1. Debt: The lowest amount of debt is carried by the households in cluster 2, even though the value of their houses (shown in green) is roughly the same. You can't really tell from this data what's going on, but one possibility might be that the people in cluster 2 have enough money to pay down their debts, but not quite enough money to leverage what they have into additional debts. The people in cluster 3, by contrast, might not need to worry about carrying debt because their net worth is so high.

2. The value of the debt for the people in cluster 0 is higher than the value of their houses, suggesting that most of the debt being carried by those people is tied up in their mortgages — if they own a home at all. Contrast that with the other three clusters: the value of everyone else's debt is lower than the value of their homes.

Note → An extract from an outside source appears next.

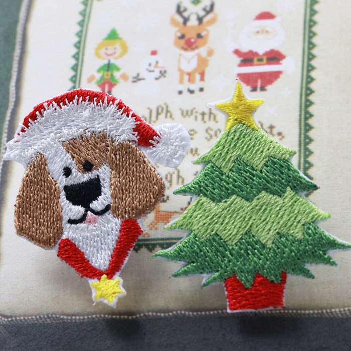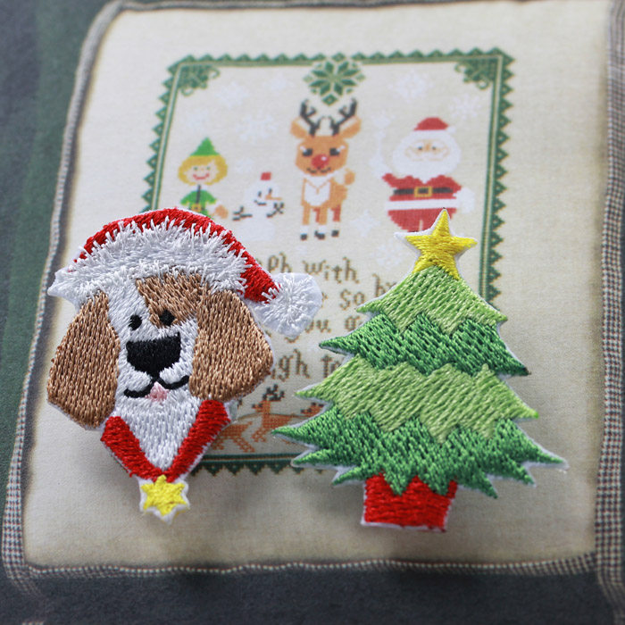 Christmas Tree Christmas Dog Featured Embroidery Decoration DIY cloth adhesive clothing applier with cloth art Christmas elements accessories

Principal Component Analysis (PCA)

- Here we create a PCA transfomer, and use it to reduce the dimensionality of the data in X to 2, and then put the transformed data into a DataFrame named X_pca.

In [44]:
# Instantiate transformer
pca = PCA(n_components=2, random_state=42)

# Transform `X`
X_t = pca.fit_transform(X)

# Put `X_t` into DataFrame
X_pca = pd.DataFrame(X_t, columns=["PC1", "PC2"])

print("X_pca type:", type(X_pca))
print("X_pca shape:", X_pca.shape)
X_pca.head()

X_pca type: <class 'pandas.core.frame.DataFrame'>
X_pca shape: (4418, 2)


Unnamed: 0,PC1,PC2
0,-221525.42453,-22052.273003
1,-217775.100722,-22851.358068
2,-219519.642175,-19023.646333
3,-212195.720367,-22957.107039
4,-215540.507551,-20259.749306


PCA Scatter Plot

In [46]:
# Create scatter plot of `PC2` vs `PC1`
fig = px.scatter(
    data_frame=X_pca,
    x="PC1",
    y="PC2",
    color=labels.astype(str),
    title="PCA Representation of Clusters"
)
fig.update_layout(xaxis_title="PC1", yaxis_title="PC2")

fig.show()

- Overall, we have four tightly-grouped clusters that share some key features.